# New York City/Dallas OpenVZ VPS | Tempe, AZ KVM VPS | IPv6 | 99.9% Uptime S.L.A. | Ninja Hawk Soluti



## SeriesN (Jun 30, 2013)

*+-+-+-+-+-+-+-+-+-+-+-+-+-+-+
|Ninja Hawk Solutions Inc.|
+-+-+-+-+-+-+-+-+-+-+-+-+-+-+*
*Unmanaged But Not Abandoned*

*About us :*

*---------------*

*Ninja Hawk Solutions Inc. is a privately owned hosting company established in 2008. We are based in the "City That Never Sleeps", New York City, New York, USA. We are legally incorporated as a business in the State of New York. Ninja Hawk is owned and managed by a small group of IT professionals who are passionate about web hosting and server management.

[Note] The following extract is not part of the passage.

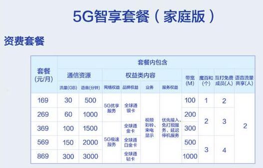 中國(guó)移動(dòng)5G套餐家庭版也分為5檔,169元、269元、369元、569元、869元,具體套餐詳情如下:

We take pride in providing reliable web hosting services at affordable prices.*

*What others have said:*

*----------------------------------*

http://www.96mb.com/...t-64ninja-hawk/
http://www.webhostin...d.php?t=1239835
http://www.webhostin...d.php?t=1224535
http://www.webhostin...d.php?t=1255129
http://www.serchen.c...-hawk-solutions
http://ratelobby.com...-hawk-solutions

*With every plan, you will receive:*

*-------------------------------------------------*


*24/7 Support with timely response *

*7 Day, Money Back Guarantee (for your first order) *
*99.9% Uptime **Guarantee Backed By S.L.A*
*No long term contract required *
*USA Servers (Tempe, Arizona, Dallas,TX & New York City, New York) *
*Raid 10 protected storage *
*No hidden fee *
*Industry leading solusvm control panel *
*Huge selection of Linux Templates and ISO, FreeBSD ISO (Custom ISO can be mounted) *
*Custom RDNS (Open ticket) *
*Tun/Tap enabled *
*We Have 6+ Years of Hosting Experience *
*Fast setup (After Manual Verification)*
*OpenVz/KVM Virtualization*
*IPv4 / IPv6*

Lets cut the chase, what are we offering today? This offer is valid for both our current clients and new signups and once per client.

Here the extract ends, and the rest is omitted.